Here, the worker takes over, and completion of the entire operation
(create and sync) is signalled through the completion context 
(which can either be a callback or a queue).  The dspace_queue_id
and dspace_sync_queue_id refer to queues that have already been added
to the worker, in one of its threads.

---

In order to allow more dynamic queue addition/removal (this would allow
a queue per file handle), a seperate set of interfaces is proposed.
There needs to be a LRU cache of queues, and a way to map operations
to queue ids.  New queue ids not in the cache need to be created and
added to the cache, and then the operation can be pushed onto it.

A queue cache is added to a particular thread id:

worker_add_queue_cache(worker_id, thread_id, 
		       op_mapper, queue_cache_attr, queue_attr);

The op_mapper essentially maps operations (their hint structures actually)
to queue ids.  New queues that are created and added to the queue cache
inherit the queue_attr queue attributes specified.

The signature for the mapper is something like:

map_op_to_qid(worker, op_fn1, op_ptr1, hint, thread_id *, queue_id *)

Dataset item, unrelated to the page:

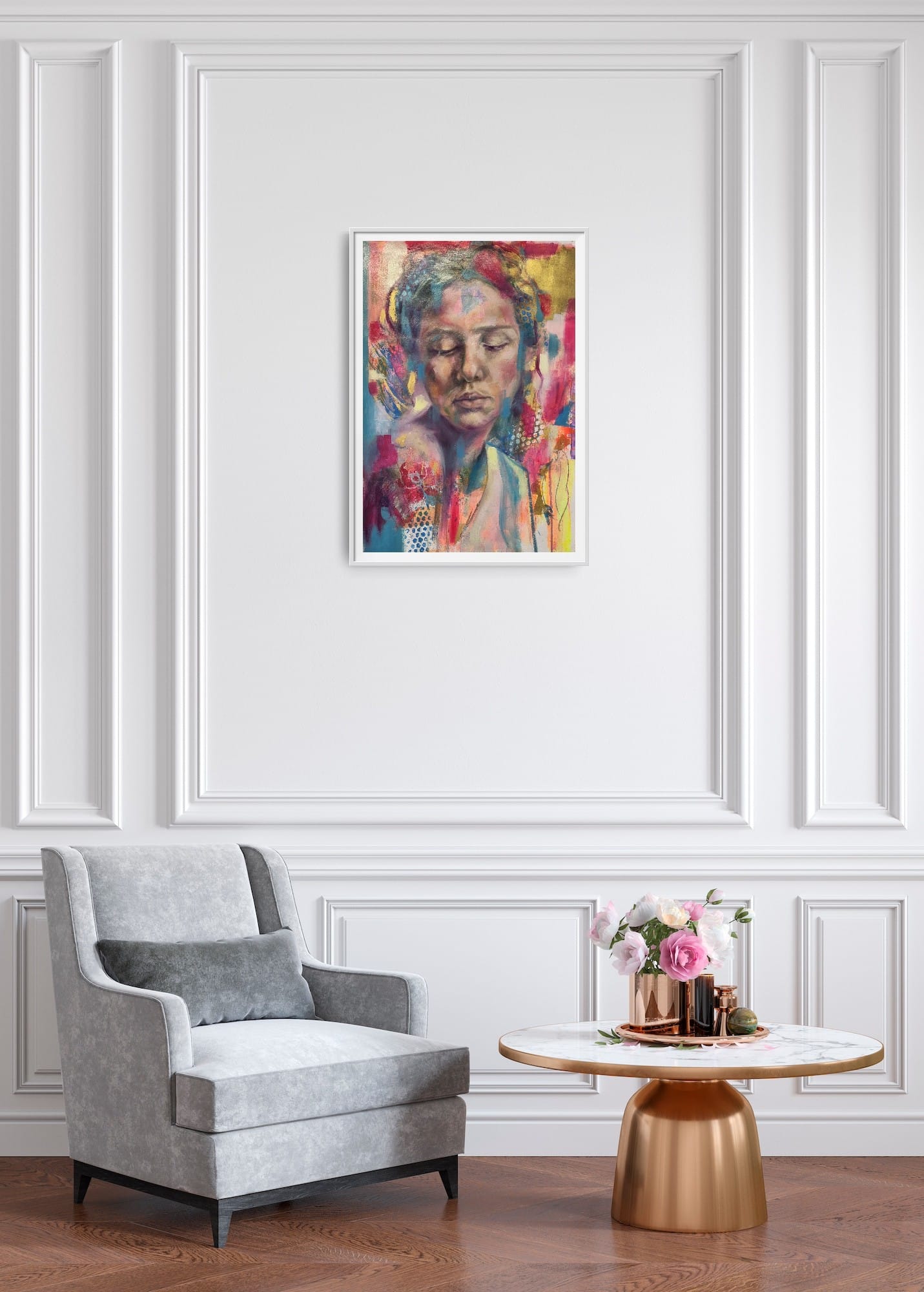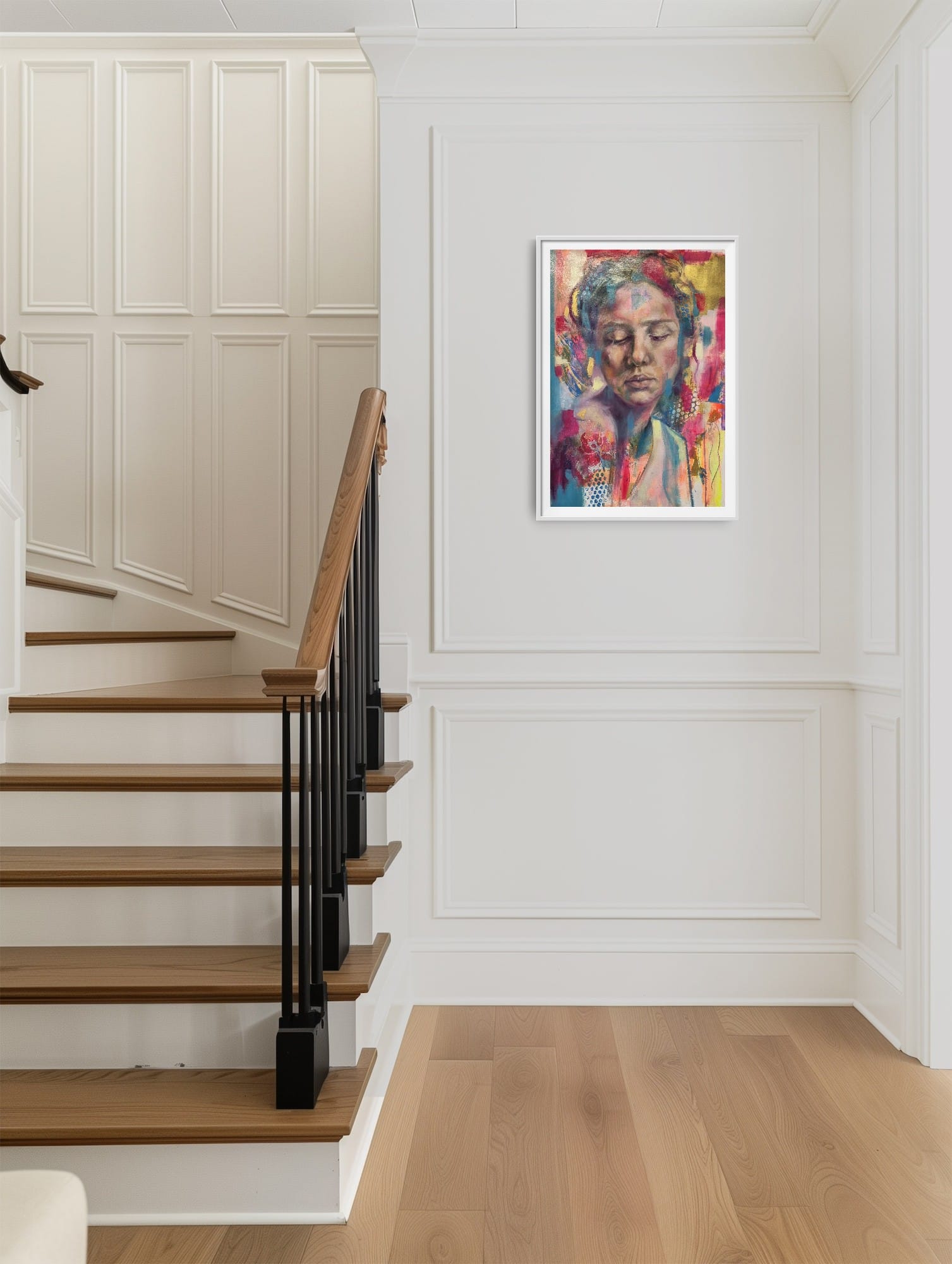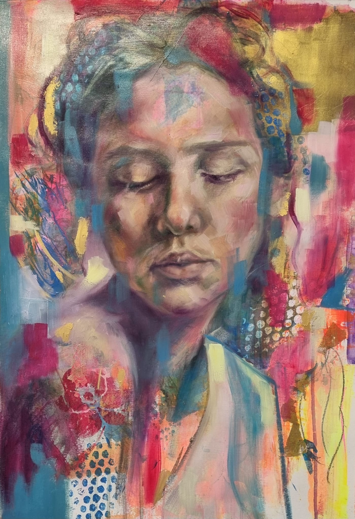 A deeply introspective portrait that captures the tender strength of stillness. Painted in expressive layers of soft blush, gold, and electric blue, this piece combines realism with abstract mark-making to evoke the quiet unfolding of inner worlds. A soulful, richly textured work that invites pause and presence.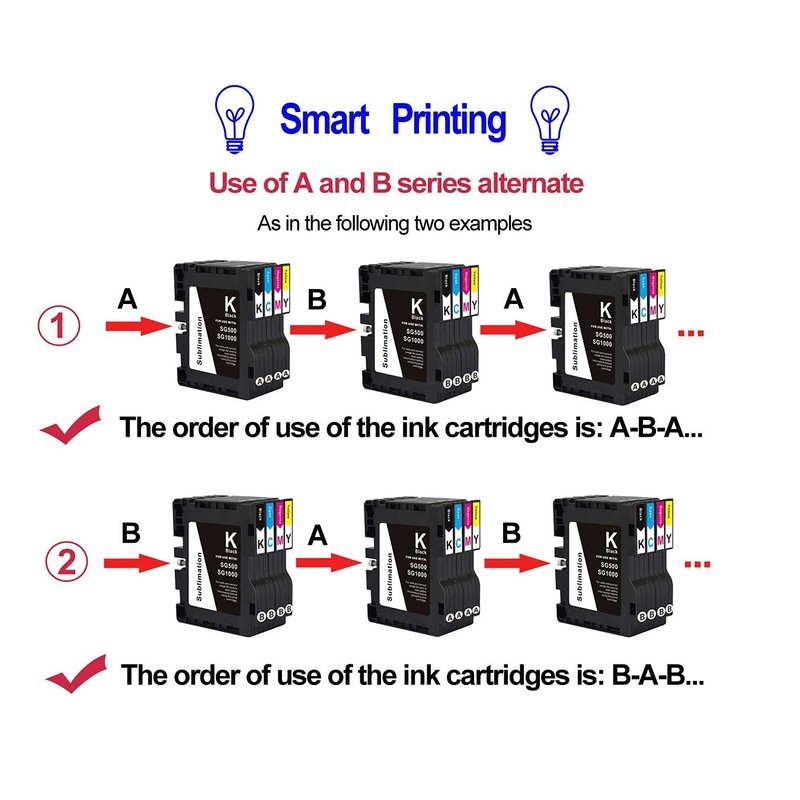 - Superior Quality: The sublimation cartridges are AB series cartridges that provide more stable printing support. It should be noted that the cartridge needs to be used alternately with the A and B series (A-B-A-B-A-B...).

This makes the post function:

worker_post(worker_id, user_ptr, hint, op_count,
	    op_fn1, op_ptr1, op_fn2, op_ptr2, ...);

worker_test_all(worker_id, count, op_ids, user_ptrs, errors, timeout)
{
    /* anything done yet? */
    PINT_context_test_all(&count, ...);

    if(count == 0 && get_type(worker_id) == THREAD_NONE)
    {
       service functions
    }
}